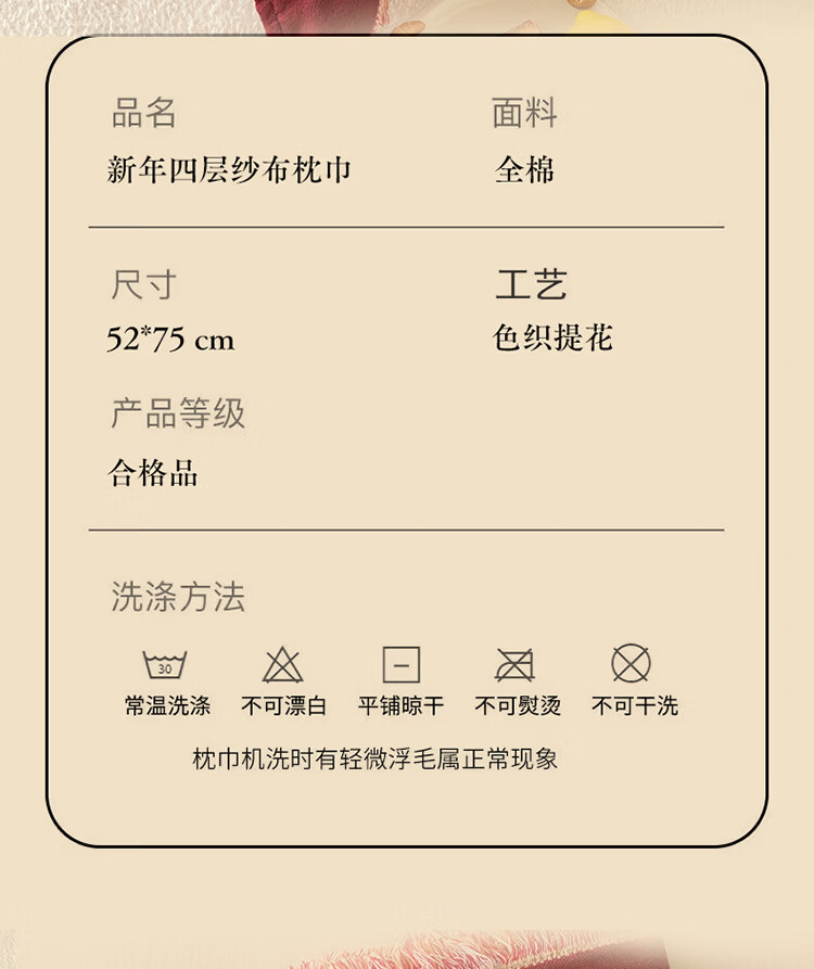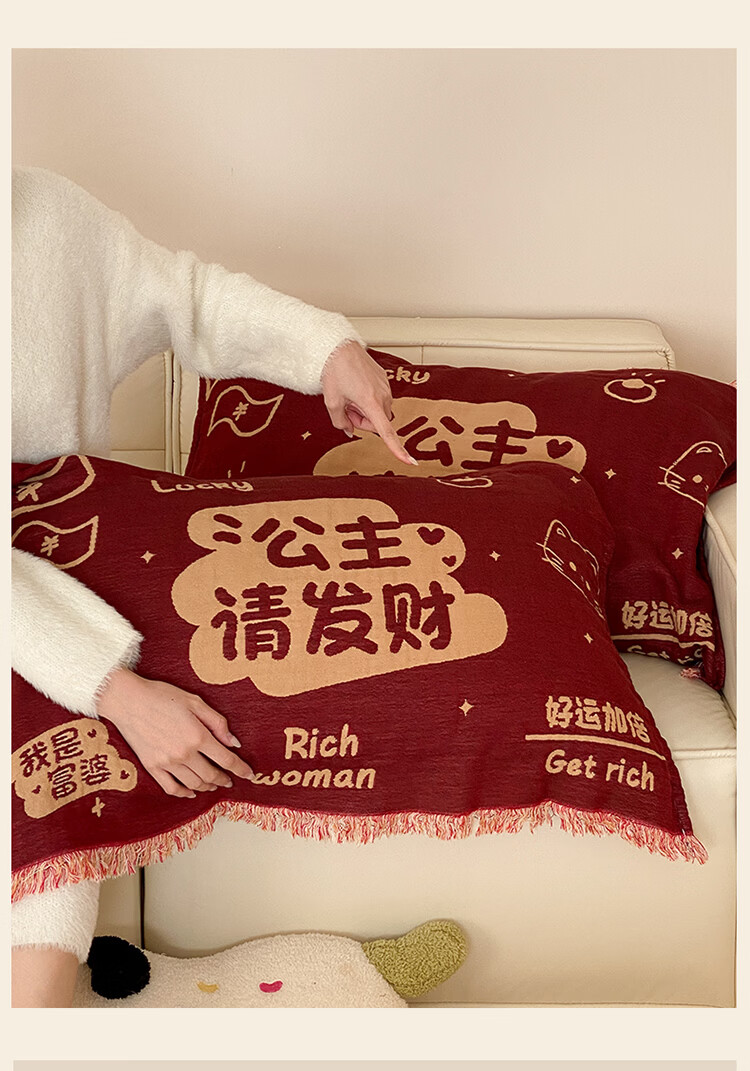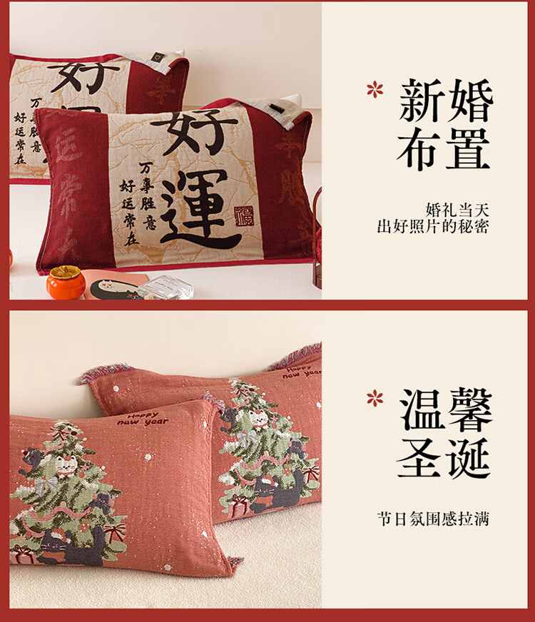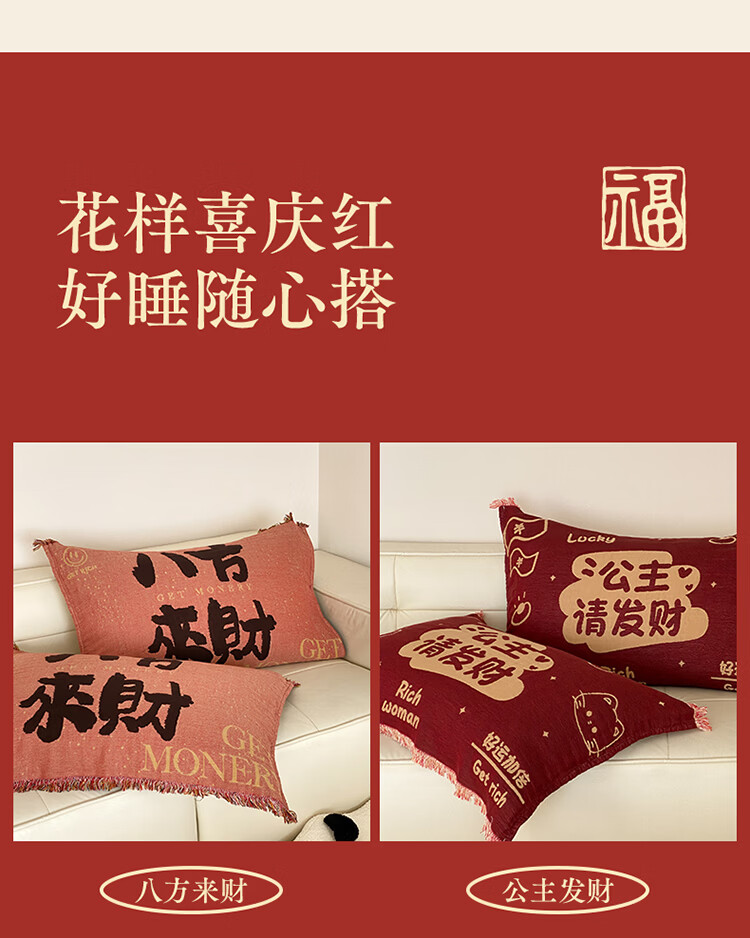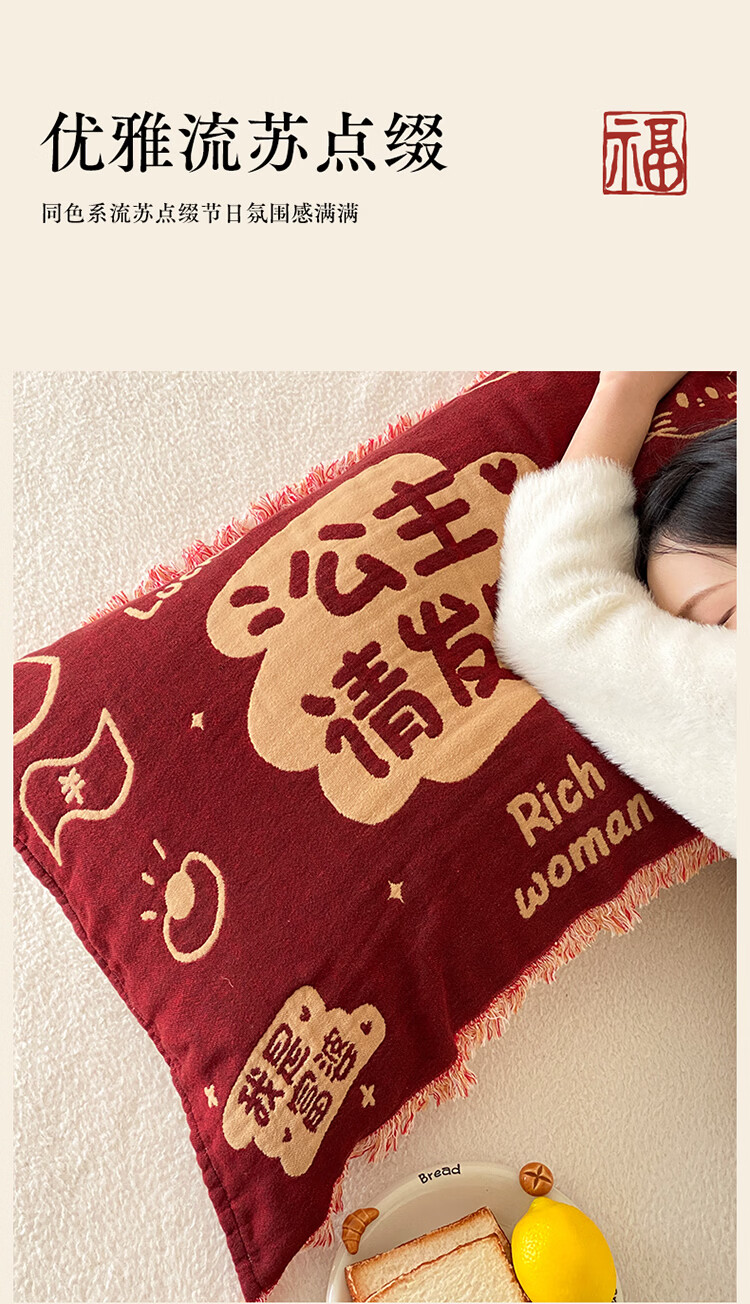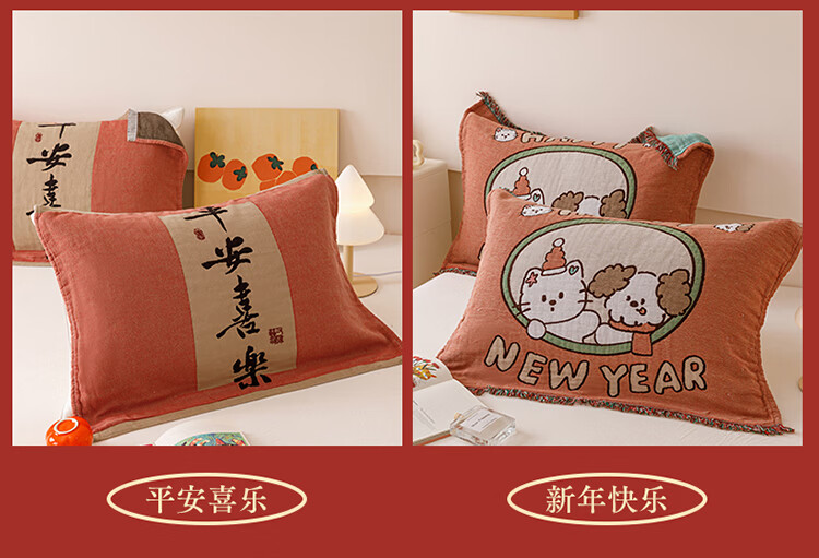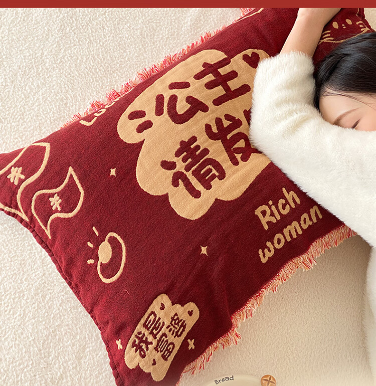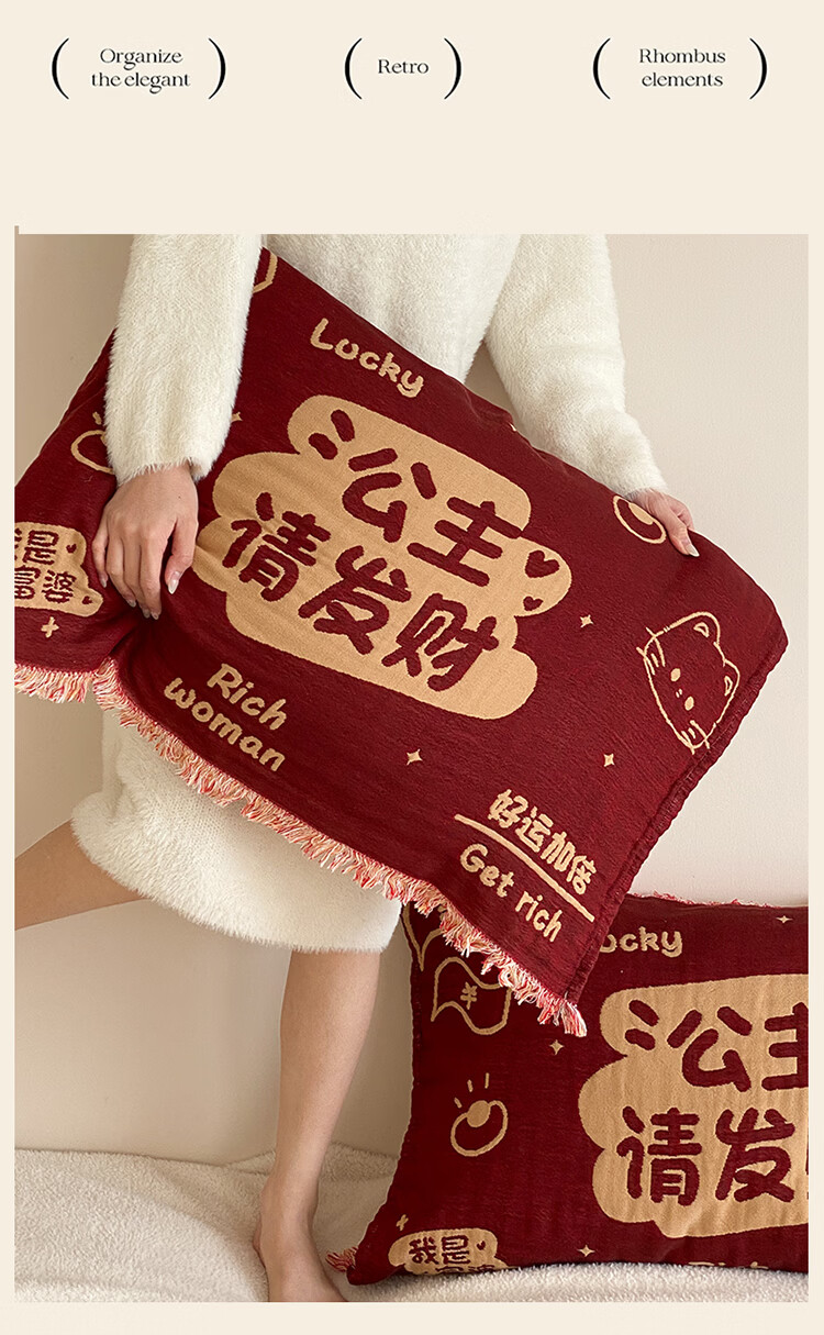 无印良品加厚枕巾全棉一对装100%纯棉纱布百福枕头巾2026新年款喜庆枕头套 公主发财【加厚全棉 四层纱布】 52cm*75cm 枕巾一对
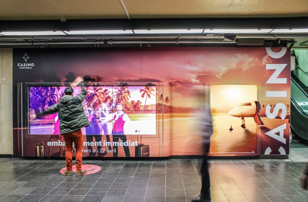 Casino Montreal is in vacation mode and offering an immediate departure to the South! Astral produced a playful campaign at the McGill subway station where people are invited to move their arms around and show off their best dance moves. When passersby walk in front of the mural, Gregory Charles (the casino’s ambassador), begins to play the ukulele. A marker on the floor was placed in front of the digital wall to encourage people to interact with the advertising face. By waving their arms, or perfecting their dance moves on the marker, the characters surrounding Gregory reproduce the gestures in perfect synchronization. At the end of the 30-second choreography, the experience ends and gives way to a message inviting people to the Casino.
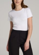 Short Sleeve Crew Neck Ribbed T-Shirt for Tall Women in Bright White
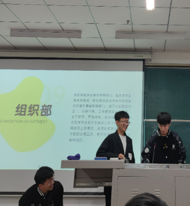 学生会各部门负责人依次上台从部门简介、部门职责、部门任务等方面展开介绍,鼓舞新生的加入,引来同学们的阵阵喝彩。最后,马佳琦学姐补充了各个部门的优势及特长,使同学们对学生会的印象更加的清晰,将学生会这个大家庭完完全全的展现在众人面前,本次见面会在同学雷鸣般地掌声中落下了帷幕。

- [Task requirements] Would you restate word for word only the lines from the one containing "Short Sleeve Crew" to the final line of the material, both ends included, without any pictures?

- [Solution to this task]
 Short Sleeve Crew Neck Ribbed T-Shirt for Tall Women in Bright White
 学生会各部门负责人依次上台从部门简介、部门职责、部门任务等方面展开介绍,鼓舞新生的加入,引来同学们的阵阵喝彩。最后,马佳琦学姐补充了各个部门的优势及特长,使同学们对学生会的印象更加的清晰,将学生会这个大家庭完完全全的展现在众人面前,本次见面会在同学雷鸣般地掌声中落下了帷幕。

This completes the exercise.